İsrail’de tutarlı bir sol hareket olmak, akıntıya karşı yüzmek demektir. Hadaş var olduğu tüm yıllar boyunca, ayrılığın ve ayrımcılığın hüküm sürdüğü bir gerçekliğin ortasında, Yahudi-Arap birlikteliğinin limanı olmuştur. O; kapitalist bir devlette sosyalist bir hareket, ırkçılık ve ayrımcılığın her türlü tezahürüne karşı mücadele eden bir hareket, erkek egemen şoven bir toplumda kadın haklarını destekleyen bir hareket, işgale karşı çıkan ve savaşları önleyecek adil bir barış için dövüşen bir barış hareketi, emlâk kralları tarafından kirletilen ve adım adım ele geçirilen bir bölgede çevresel adalet için mücadele eden bir hareket, İsrail’in ve tüm Ortadoğu’nun silahsızlandırılmasını, nükleer ve kimyasal silahların yasaklanmasını talep eden yegâne hareket olmuştur ve halen de öyledir.

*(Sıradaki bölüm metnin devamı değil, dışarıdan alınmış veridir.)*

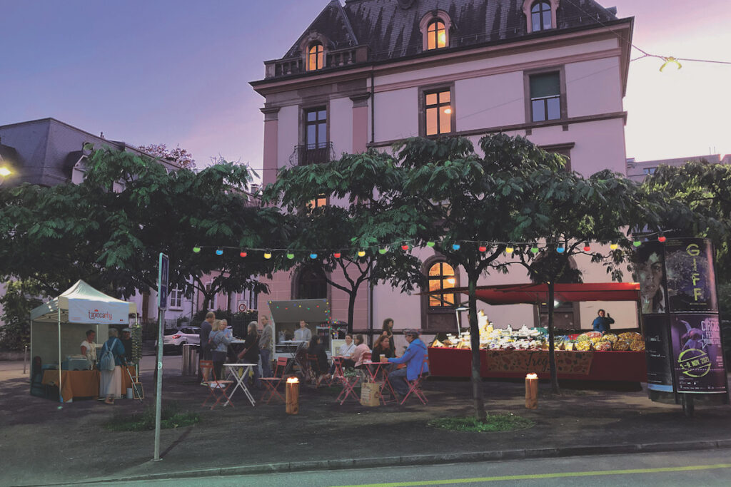 Die Lokalgruppe 4056 besucht den Hebelplatzmärt! Wir sprechen mit den Besucher:innen, geniessen die Abendstimmung und tauschen uns über das Quartier und eine klimagerechte Zukunft aus.

Seçimlere “iki halk için iki devlet” sloganıyla ilk giren, özelleştirme politikasının yoksulluğu ve eşitsizliği derinleştireceği konusunda ilk uyarıda bulunan, işgal altındaki topraklara yapılan yerleşimlere ve askeri saldırılara, savaşlara ve işgallere daha başladıkları gün ilk ve en tutarlı biçimde karşı çıkan Hadaş’tı.
İsrail’in siyasi tarihi boyunca partiler kurulmuş ve ortadan kaybolmuş, hükümetler gelip gitmiş, baskı yöntemleri daha da inceltilmiş ve kurulu düzenin halkı aldatma vasıtaları daha da derinleşmiştir. Buna karşın Hadaş, tüm yalanların ardındaki gerçekleri teşhir etmekte istikrarlıydı. Hadaş olarak bizler, İsrail ve Filistin arasında bir barış anlaşmasını engellemeyi amaçlayan “Celile’ye Huzur Savaşı” (Birinci Lübnan Savaşı) ve benzeri savaşları daha ilk andan itibaren mahkûm ettik. Revaçtaki “sessiz ol, ateş eden biziz” ve “önce ateş ediyoruz sonra ağlıyoruz” türünden kavramlara asla rağbet etmedik.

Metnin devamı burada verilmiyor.